PROBLEM TO WORK ON
Print the records below exactly, starting at the first line and stopping after the line that contains "An extension of". Leave out any pictures.

DATASET EXCERPTS
=======

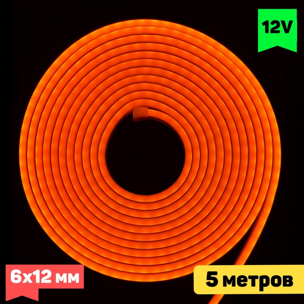 Гибкий неон оранжевого цвета свечения. Потребляема мощность 10 вт/метр. Рабочее напряжение 12 Волт. Длина катушки 5 метров.
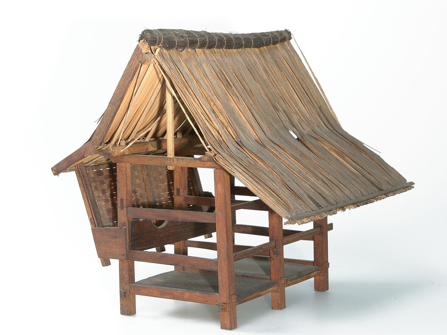 Model van een javaanse rijstschuur vervaardigd uit h...
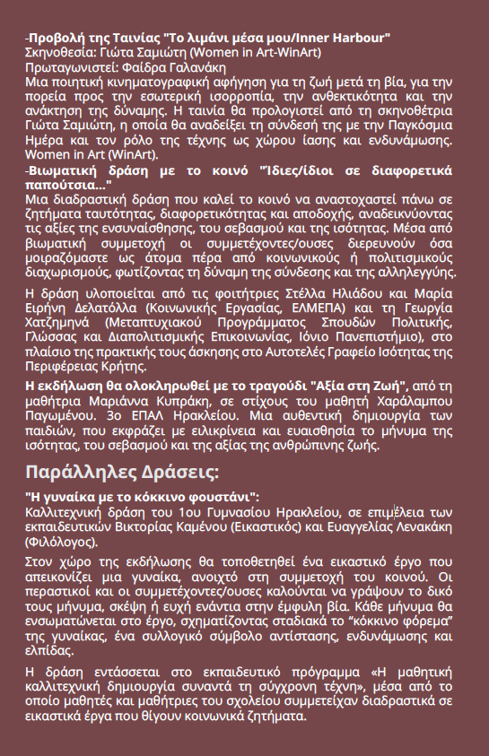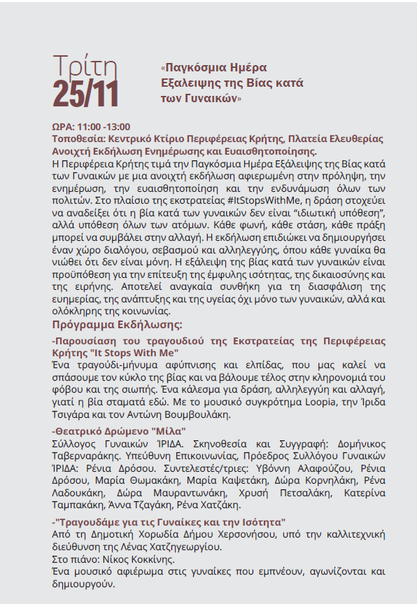 Οι δράσεις ξεκινούν στις 25 Νοέμβριου 2025, «Παγκόσμια Ημέρα Εξάλειψης της Βίας κατά των Γυναικών, με την Ανοιχτή Εκδήλωση Ενημέρωσης και Ευαισθητοποίησης που θα πραγματοποιηθεί έξω από το Κεντρικό Κτίριο της Περιφέρειας Κρήτης, 11:00π.μ.- 1:00μ.μ.
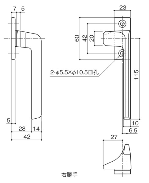 中西産業(ナカニシ) > カムラッチハンドル > ビスピッチ:42mm > 右勝手
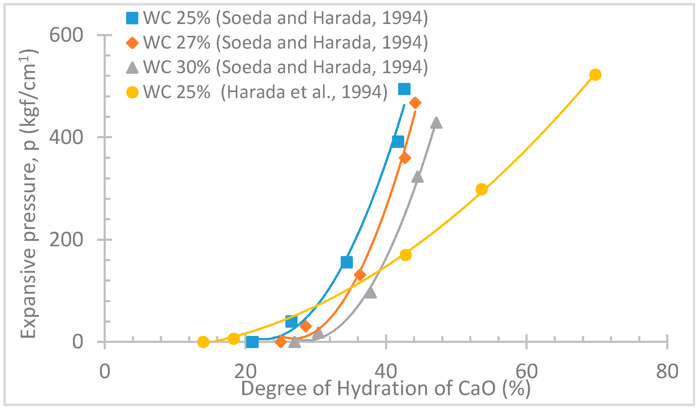 An extension of this study was carried out by Soeda and Harada [51] by changing the water content of SCDA. They found that the expansive pressure generated in SCDA is not only Ca(OH)2 quantity dependent but also it is Ca(OH)2 concentration dependent (Figure 3), where at higher water contents a larger degree of hydration is found to be required in SCDA to produce a particular expansive pressures, which will be more comprehensively explained in a later section (volume expansion mechanism of SCDA). As shown in Figure 3, there is a significant deviation in the relationship between the degree of hydration and the expansive pressure of SCDA between the results interpreted by Harada et al. [37] and Soeda and Harada [51]. This may be due to the difference in how the content of Ca(OH)2 was calculated at 100% hydration of SCDA was obtained. The Ca(OH)2 content of SCDA at 100% hydration was obtained by steam curing for 3 days by Harada et al. [37], whereas no specific information on how the content of Ca(OH)2 at the end of hydration is given by Soeda and Harada [51].
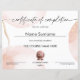 Modern feminine Certificate of Completion with abstract watercolor shapes. Perfect for your lashes, makeup or hairdresser course, diploma, award, participation certificate, or any beauty related business
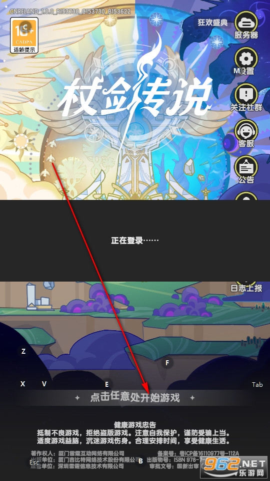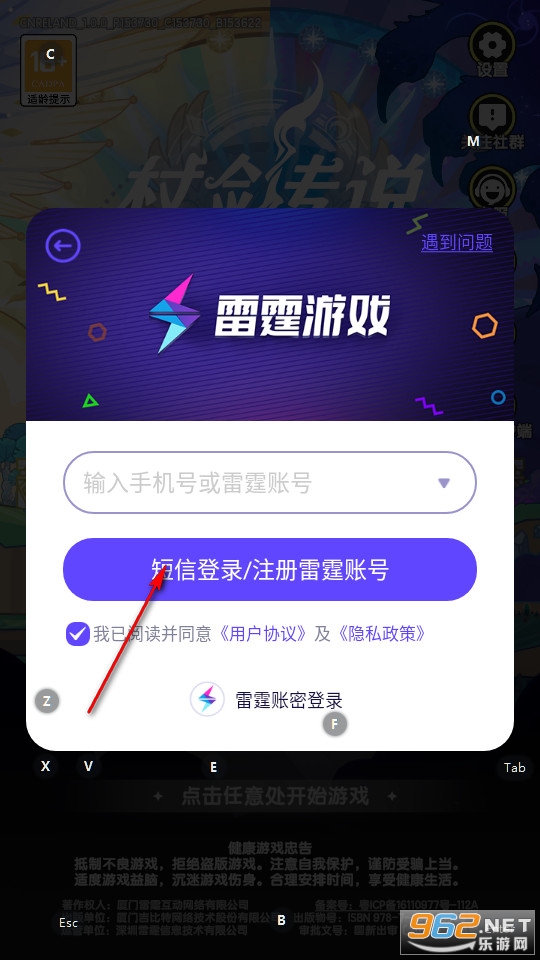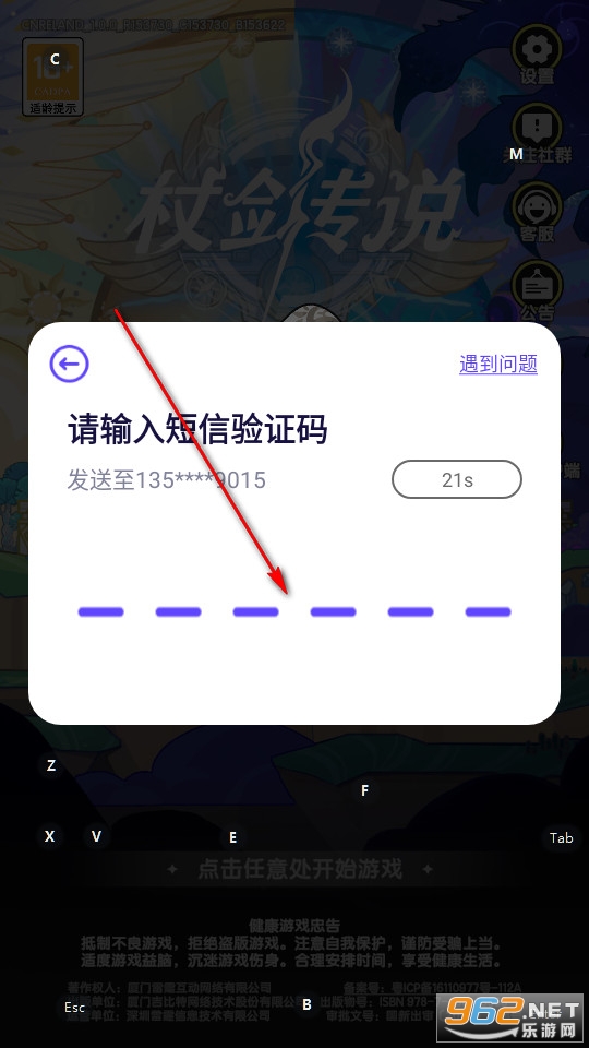 打开游戏杖剑传说,然后在登录界面输入电话号码一键注册或短信登录。

=======

OUTPUT OF THE TASK
 Гибкий неон оранжевого цвета свечения. Потребляема мощность 10 вт/метр. Рабочее напряжение 12 Волт. Длина катушки 5 метров.
 Model van een javaanse rijstschuur vervaardigd uit h...
 Οι δράσεις ξεκινούν στις 25 Νοέμβριου 2025, «Παγκόσμια Ημέρα Εξάλειψης της Βίας κατά των Γυναικών, με την Ανοιχτή Εκδήλωση Ενημέρωσης και Ευαισθητοποίησης που θα πραγματοποιηθεί έξω από το Κεντρικό Κτίριο της Περιφέρειας Κρήτης, 11:00π.μ.- 1:00μ.μ.
 中西産業(ナカニシ) > カムラッチハンドル > ビスピッチ:42mm > 右勝手
 An extension of this study was carried out by Soeda and Harada [51] by changing the water content of SCDA. They found that the expansive pressure generated in SCDA is not only Ca(OH)2 quantity dependent but also it is Ca(OH)2 concentration dependent (Figure 3), where at higher water contents a larger degree of hydration is found to be required in SCDA to produce a particular expansive pressures, which will be more comprehensively explained in a later section (volume expansion mechanism of SCDA). As shown in Figure 3, there is a significant deviation in the relationship between the degree of hydration and the expansive pressure of SCDA between the results interpreted by Harada et al. [37] and Soeda and Harada [51]. This may be due to the difference in how the content of Ca(OH)2 was calculated at 100% hydration of SCDA was obtained. The Ca(OH)2 content of SCDA at 100% hydration was obtained by steam curing for 3 days by Harada et al. [37], whereas no specific information on how the content of Ca(OH)2 at the end of hydration is given by Soeda and Harada [51].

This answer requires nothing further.